Ce premier album ne contient que quatre longs morceaux, d’une durée comprise entre 9 et 14 mn. Ne craignez-vous pas que le format plutôt proche d’un mini-album et que la longueur des morceaux ne laissent l’auditeur un peu sur sa faim en en demandant encore à la fin de son écoute ?
Je ne pense pas car The Eternal Harvest s’étend tout de même sur quarante-cinq minutes, ce qui représente une durée importante pour un album. Nous avons conçu ces quatre morceaux comme de longues pièces qui racontent des histoires. Et ces histoires sont mouvementées, tout comme le sont les destinés humaines. Par conséquent une véritable progressivité devait se fait ressentir au sein de notre musique.
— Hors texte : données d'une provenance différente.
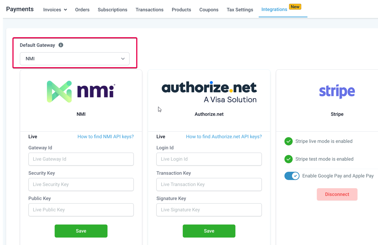 No, you are not required to disconnect Stripe to connect to NMI. You can connect to both gateways on the integrations page. However, since you have connected two gateways for processing payments, you must define a default gateway for processing order form payments.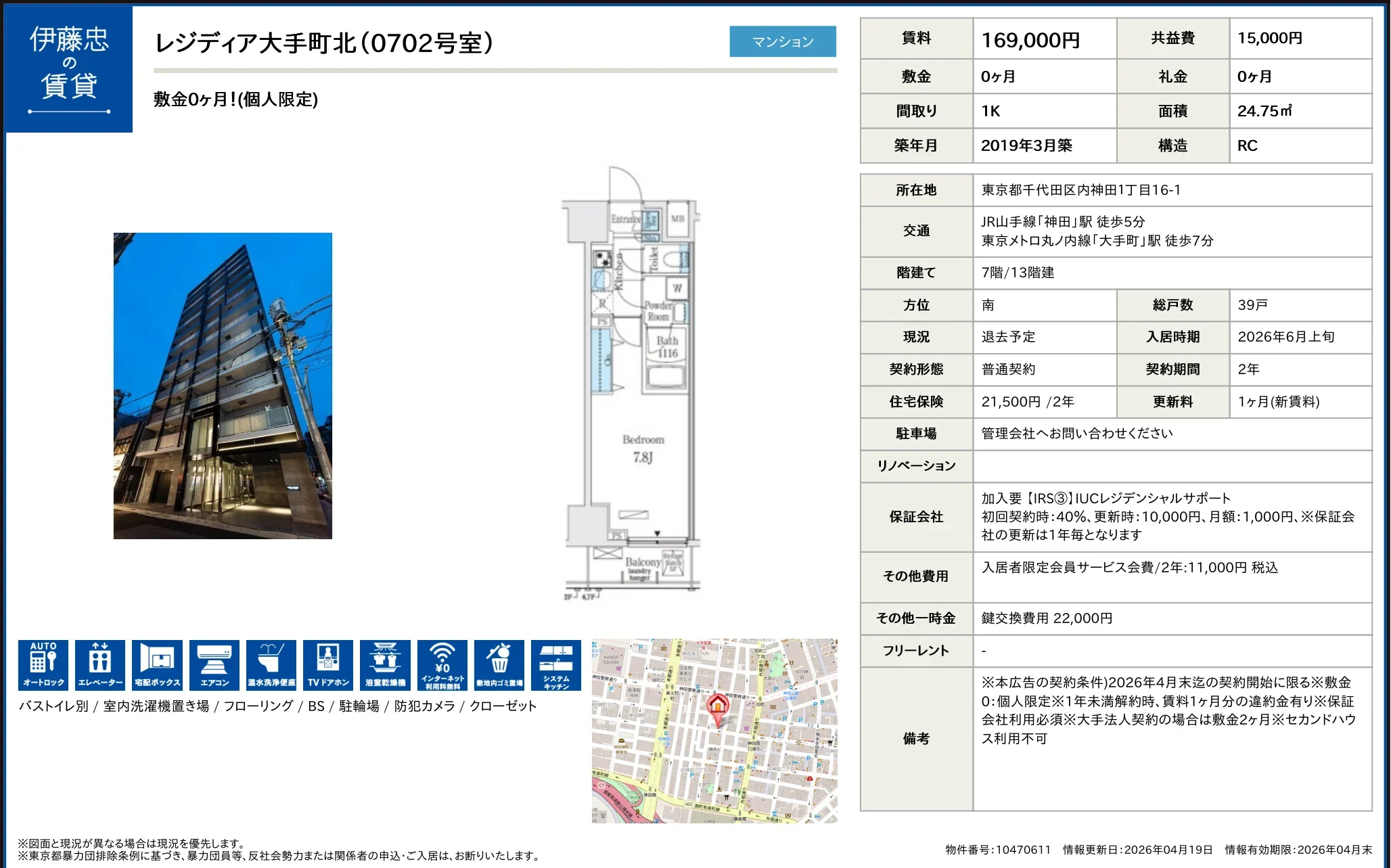 | アクセス | 神田 (徒歩5分) 大手町 (徒歩7分) 神田 (徒歩7分) |

Quel est le concept ou l’idée sur The Eternal Harvest. S’agit-il d’un voyage mortuaire, vers la mort, à l’image de la pochette qui semble représenter un char avec son conducteur qui fait la récolte des âmes en nous conduisant inévitablement vers les ténèbres… ?
The Eternal Harvest est une élégie à la quête sans fin de l’Homme pour comprendre le sens de son Histoire et son incapacité à panser les blessures de son passé. Nous avons essayé de donner vie ici à une musique qui véhicule la nostalgie et la contemplation. De tout temps, l’Homme a cherché à justifier le sens de ses actions par l’intervention de divinités, qu’elles soient astrales, mythologiques ou monothéistes. Cet album est une conversation, à la fois spirituelle et écorchée, entre les différents fantômes de nos légendes.

Musicalement, de quelle école vous revendiquez-vous plutôt, et quelles sont vos principales influences en matière de black metal et autres genres ? Forcément, on pense au black metal scandinave, du fait de certaines mélodies en tremolo plus typiques, mais aussi autrichien, comme les premiers Abigor ou Summoning (sans les claviers), ou français peut-être… ?
Nous écoutons tous les deux beaucoup de styles très différents, que ce soit au sein de la sphère metal ou en dehors. Pour ce qui est des influences principales de Lunar Tombfields, elles sont à chercher plutôt du côté de la scène black metal américaine (Wolves in the Throne Room, Weakling, Krallice) ou bien plus généralement européenne (Drudkh, Blut Aus Nord).

Que pensez-vous de la scène black metal française de nos jours qui évolue beaucoup, notamment par le soutien promotionnel de votre label Les Acteurs de l’Ombre Productions ?
Nous n’avons pas d’avis spécifique sur la scène black metal française, qui comprend de très bonnes choses et des moins bonnes comme la plupart des autres scènes. Nous sommes d’ailleurs proches de certains groupes qui officient également dans cette sphère. Il est vrai que le rôle des Acteurs de l’Ombre n’est pas étranger au développement de la scène, et nous sommes satisfaits de notre collaboration avec eux.

Enfin, quels sont les projets de Lunar Tombfields pour cette année 2022 qui commence sous de meilleurs auspices, on l’espère tous, notamment dans la culture et la musique ? Des projets de concerts sont-ils prévus en France et à l’étranger ? Des festivals d’été peut-être de programmés ? Des dates communes avec d’autres artistes du catalogue LADLO ?
Nous avons monté un line-up live et sommes d’ores et déjà en train de travailler sur une future tournée. Nous avons prévu de jouer en live un maximum, donc n’hésitez pas à nous contacter sur les réseaux sociaux. Le contexte sanitaire demeure incertain, mais notre volonté de donner vie aux titres de The Eternal Harvest sur scène est bien réelle.